Show students how to normalize text using string functions:

food-normalized = build-column(SURVEY-RAW, "food-clean", lam(r): string-to-lower(r["favorite-food"]) end)

Check Understanding: Ask, "Why might we want all food names in lowercase?"

B. Standardizing State Names

Create a more complex transformation for states:

fun clean-state(state-input):
doc: "convert various state formats to standard abbreviations"
cleaned = string-to-lower(string-trim(state-input))
if (cleaned == "ma") or (cleaned == "mass") or (cleaned == "massachusetts"):
"MA"
else if (cleaned == "ca") or (cleaned == "california") or (cleaned == "calif"):
"CA"
end
end

state-normalized = build-column(food-normalized, "state-clean", lam(r): clean-state(r["state"]) end)

Discussion: Ask, "Why do we use string-trim and string-to-lower first?"

IV. Handling Missing and Invalid Data (15 minutes)

A. Dealing with Missing Ages

Show different strategies for missing numeric data:

# Strategy 1: Filter out missing ages
complete-ages = filter-with(state-normalized, lam(r): not(r["age"] == "") end)
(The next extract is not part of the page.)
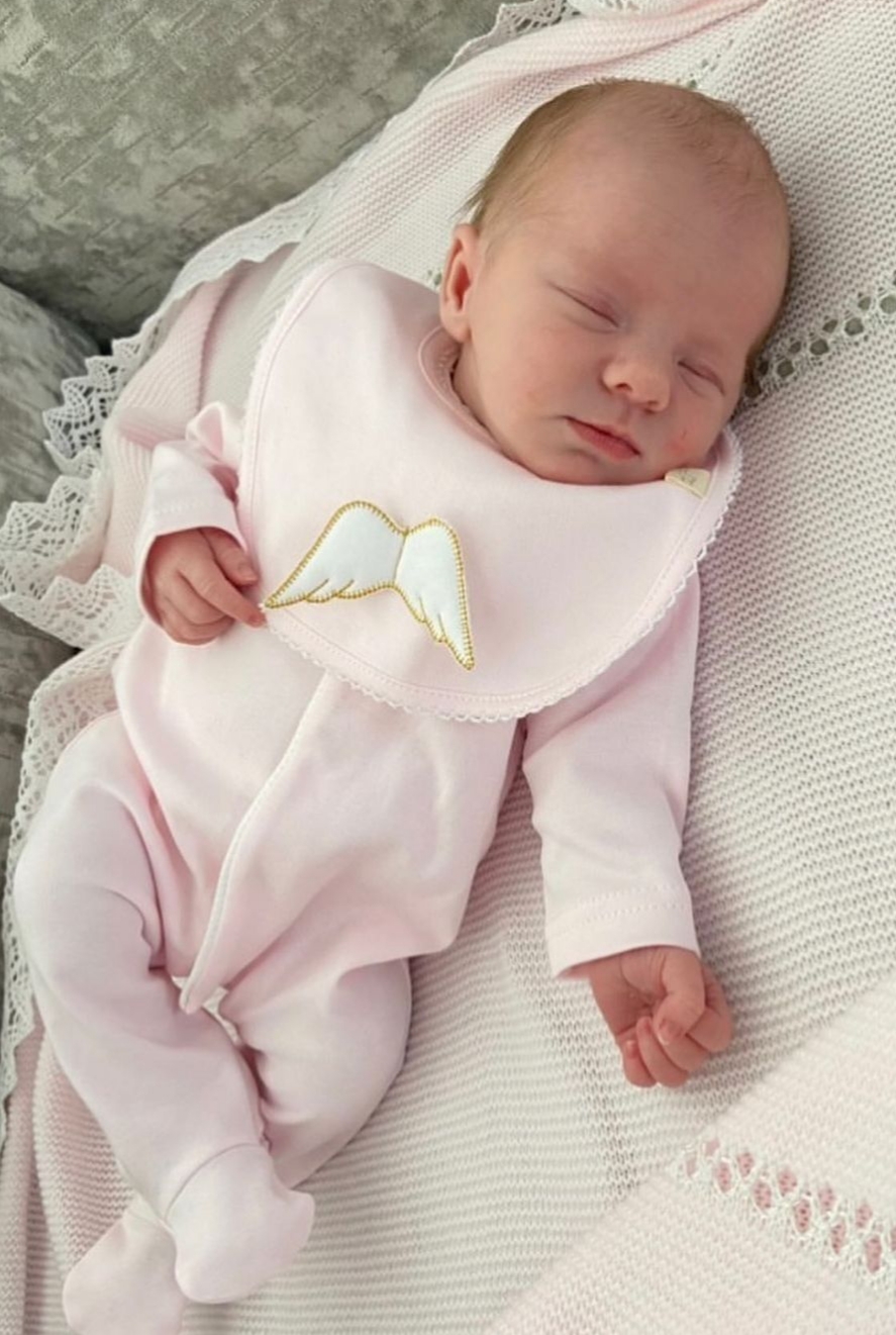 • bebé dormindo com fato de treino rosa e babete com asas bordadas a dourado

# Strategy 2: Replace missing ages with a default value
DEFAULT-AGE = 20

age-filled = build-column(state-normalized, "age-clean", lam(r):
if r["age"] == "":
DEFAULT-AGE
else:
string-to-number(r["age"])
end
end)

Discussion: Ask, "When might you choose between filtering vs. filling missing data?"

B. Converting Text Numbers to Actual Numbers

Handle the mixed numeric/text rating problem:

fun clean-rating(rating-input):
doc: "converts rating to number, handling text entries"
if rating-input == "":
-1
else if rating-input == "ten":
10
else if rating-input == "nine":
9
else if rating-input == "eight":
8
else:
string-to-number(rating-input)
end
end

ratings-cleaned = build-column(age-filled, "rating-clean", lam(r): clean-rating(r["rating"]) end)

Check Understanding: Ask, "Why should we use -1 for missing ratings instead of 0?"

V. Computing New Columns (10 minutes)

Creating Derived Data

Add computed columns based on existing data:

# Add ratings category column
final-table = build-column(ratings-cleaned, "rating-category", lam(r):
rating = r["rating-clean"]
if rating == -1:
"no-rating"
else if rating >= 8:
"high"
else if rating >= 6:
"medium"
else:
"low"
end
end)

VI. Recap and Wrap-Up (5 minutes)

Key Points Discussion:

  • Incremental Cleaning: Building columns step by step rather than trying to fix everything at once
  • Trade-offs: Different strategies for missing data have different implications

Reflection Questions:

  • "How did adding computed columns make the data more useful?"
  • "What would happen if we tried to analyze the original messy data?"